Records from a collection:
===============
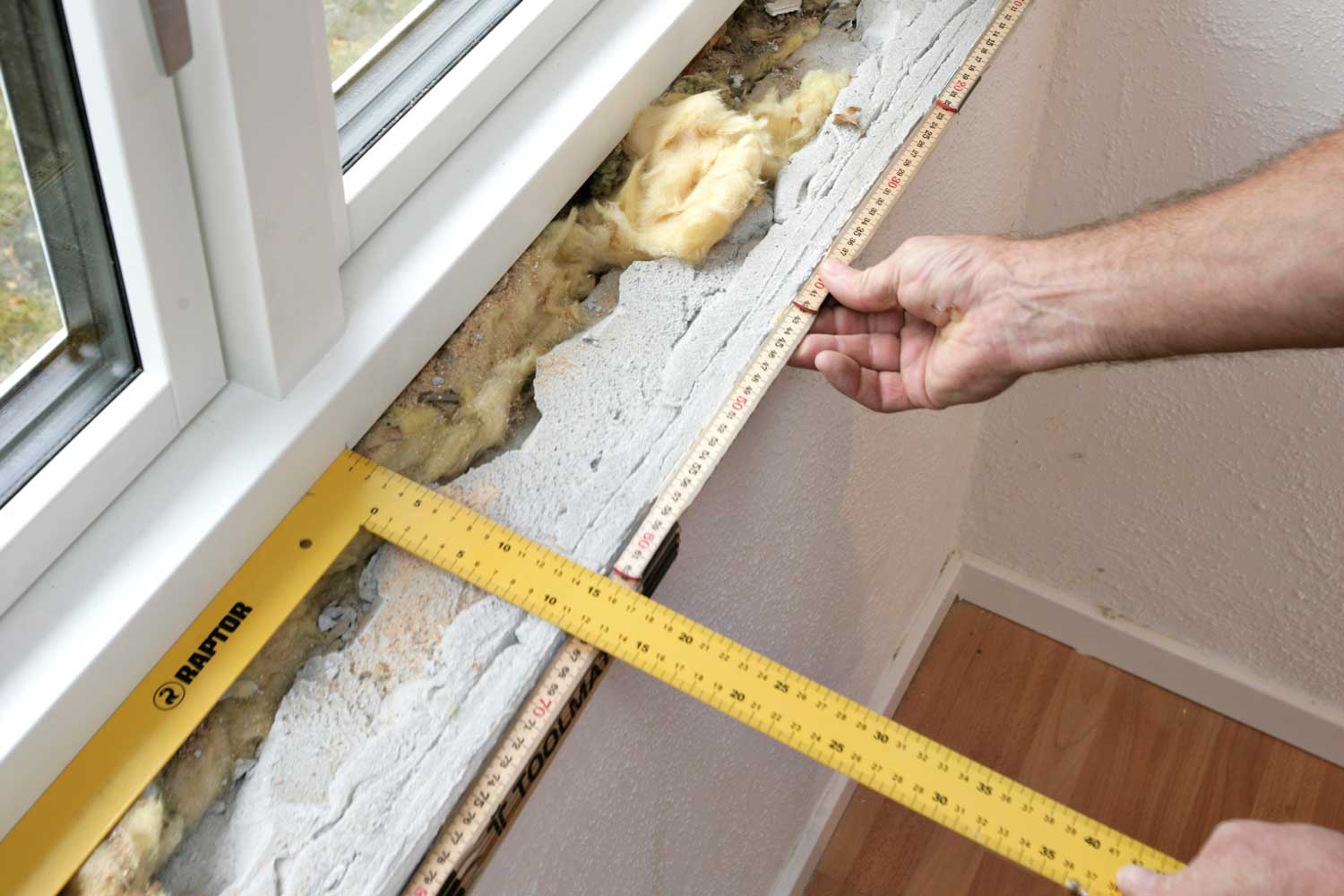 Merk opp hvor bærelisten skal sitte på vinduets bunnkarm. Fordi vindusplaten skal ligge på veggen, og vinduet er i lodd, gjøres det lettest med en vinkel. Legg til 4 mm for å justere vekk skjevheter.
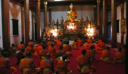 夕暮れの町をレストランへ行く途中、読経の調べに誘われて近所の寺に立ちよれば、夕方の勤行の最中で、堂内に唱和の響きが心地よい。そう云えば、どのラーオ族ガイドも、多かれ少なかれ、どこかの寺院で修業し、朝の托鉢も経験したと話していた。
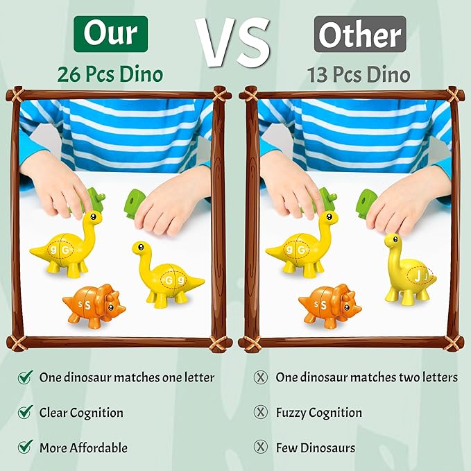 - Quality ABC Learning Dino Toys: ABS plastic is durable and can withstand countless throws and hits, and smooth workmanship, and rounded corners for easy grip. Designed for little hands, it is easy to push and match.
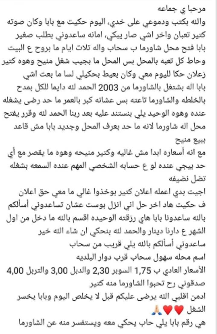 نشرت فتاة اردنية مناشدة عبر مواقع التواصل الاجتماعي لإنقاذ مطعم والدها الذي تردت احواله مؤخرا بحسب قولها .
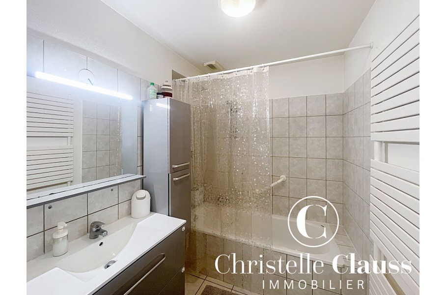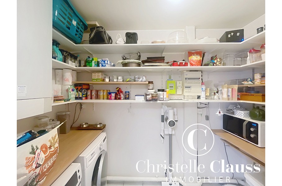 Comprenant : une entrée avec rangement , une cuisine équipée ouverte sur le séjour ( four/plaque/hotte), deux chambres, une salle de bains, un Wc, un cellier.
===============
The lines to copy exactly start with the line above that has "夕暮れの町をレストランへ行く" and go on through the line that has "نشرت فتاة اردنية"; please include both, add nothing else, and omit the pictures.

■ Answer to this task
 夕暮れの町をレストランへ行く途中、読経の調べに誘われて近所の寺に立ちよれば、夕方の勤行の最中で、堂内に唱和の響きが心地よい。そう云えば、どのラーオ族ガイドも、多かれ少なかれ、どこかの寺院で修業し、朝の托鉢も経験したと話していた。
 - Quality ABC Learning Dino Toys: ABS plastic is durable and can withstand countless throws and hits, and smooth workmanship, and rounded corners for easy grip. Designed for little hands, it is easy to push and match.
 نشرت فتاة اردنية مناشدة عبر مواقع التواصل الاجتماعي لإنقاذ مطعم والدها الذي تردت احواله مؤخرا بحسب قولها .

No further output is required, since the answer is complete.